Он твердо стоял на плоских камнях, наблюдая за потоком, и представлял, как кристальная вода, разливаясь меж серых валунов перед ним и образуя пенящееся озерцо, протекает также и сквозь его взбаламученную душу и смывает все сомнения и ужас, грозившие торжествовать победу над ним. Сбегающий по горному склону ручей представился ему надрезом, и это сравнение сразу породило безумное ощущение, будто над ним занесен хирургический скальпель и вот-вот резанет по самой середине его торса. Он поспешно отвел взгляд от воды и оглядел безмятежные просторы Миаруотера, но при виде оставшейся далеко позади автостоянки, где они расстались с Питером, на него нахлынуло чувство горестного отчаяния, которому он также не желал предаваться. Когда же наконец он осмелился взглянуть вверх, то увидел в небе рваное покрывало из тонких облачков, а еще выше – бездонную синеву, озаренную ярким светом. Облака будто табуном неслись прямо на него, зажатые высокими холмами по обеим сторонам озера, и дальше к перевалу за его спиной, отчего он почувствовал себя загнанным в западню – в точке схождения боковинок буквы V. И эту пугающую иллюзию сопровождало невесть почему возникшее чувство вины, словно рваные облака были осколками бесценной бело-синей вазы, которую ему доверили, а он ее, как последний дурак, уронил и разбил, и теперь ему надо срочно склеить осколки до прихода хозяина.
– Прошу, не дай мне сойти с ума, – прошептал Данбар и потом, после паузы, попытался подавить смущение. Кого он просит проявить к нему милосердие? Он с преувеличенной галантностью склонился над ручьем, в надежде, что эта шутовская формальность принесет ему хоть какое-то облегчение, но его мольба была слишком серьезной, чтобы обратить ее в шутку.
– Прошу, прошу, прошу, не дай мне сойти с ума! – умолял он, больше уже не имея намерения шутить о чем бы то ни было и давая обещание больше не шутить так никогда, если только он сможет избавиться от этого мучительного ощущения.
В отчаянии он несколько раз обернулся, стараясь не потерять равновесия на влажных камнях и прикидывая, долго ли ему еще предстоит карабкаться вверх по склону до перевала. И все время повторял как заведенный: «Прошу, прошу, прошу!», надеясь, что его мольба имитирует стремительный ток ручья и сможет, как и этот ручей, вылиться в нечто величественное и умиротворенное.
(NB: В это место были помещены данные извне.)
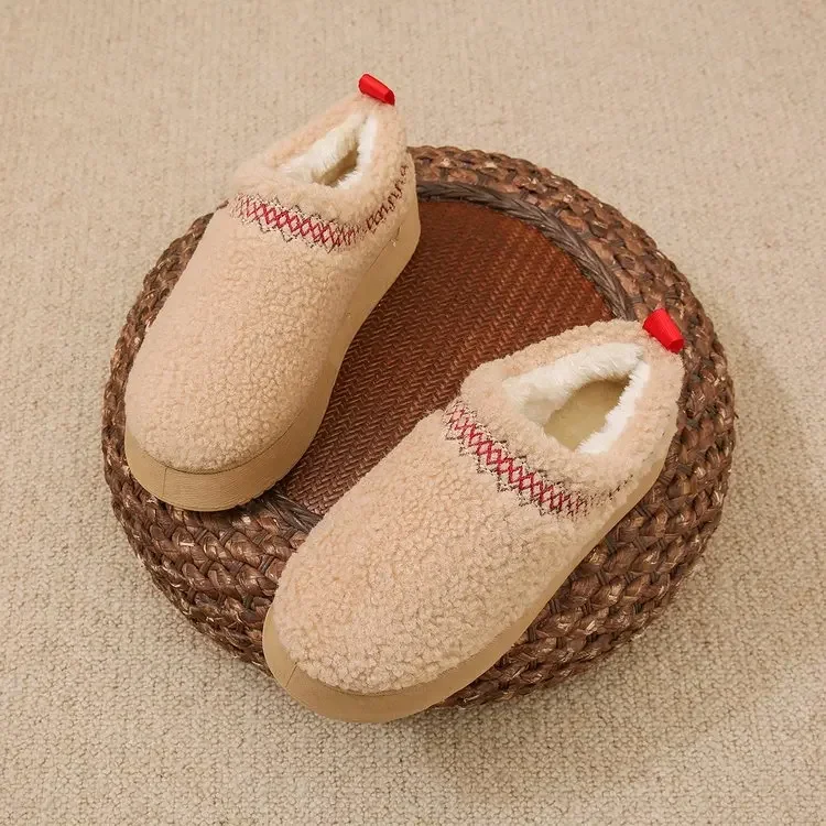 Snow Boots Women Winter New Cashmere Warm Thick Soles Without Heel-covered Hair Half Slipper Cotton Shoes Cashmere Warm Boots 22

На ту часть горного склона, где он сейчас стоял, уже упала тень, и хотя солнце еще освещало горный перевал, там все было завалено снегом. На некоторых облаках играли отблески заходящего солнца. И по мере того, как солнечный свет сквозь загрязненный воздух пробивался ближе к земле, он менял цвет – от голубого до красного края спектра. Вот что собой представляет любой закат: просто торжество грязи и праха. Возможно, его внуки будут жить под неизменно красным небом, потому что умирающая природа, точно свисающий вниз головой зверь с перерезанным горлом, истекла кровью на небесную твердь.
– Грязь и прах, – глухо прорычал Данбар, обрадовавшись, что нашел, пускай и ненадолго, на что излить свой гнев.
Он быстрым шагом пересек ручей, словно был уверен, что скорость передвижения сможет отогнать прочь пугающие мысли. Эта его самонадеянная фантазия тотчас сменилась ощущением собственной дряхлости, а затем в его воображении нарисовался образ человека, объятого огнем, старающегося сбить пламя, перейдя на бег, отчего огонь разгорался пуще прежнего. Тем не менее он не сдавался, даже несмотря не непрестанные атаки воспаленного воображения: он должен добраться до перевала засветло, чтобы разглядеть конфигурацию долины и найти место для ночлега. Сгущались сумерки, становилось холоднее, но все равно, не обращая внимания на самочувствие, он должен продолжать идти вверх, иначе он умрет, он и впрямь умрет, а не просто, как раньше, будет думать, что умирает, пока доктор Боб не возьмет у него несколько анализов и не убедит, что смертельной опасности нет, или не похвалит в очередной раз его физическую форму, или не выдаст ему пилюлю из своей таблетницы.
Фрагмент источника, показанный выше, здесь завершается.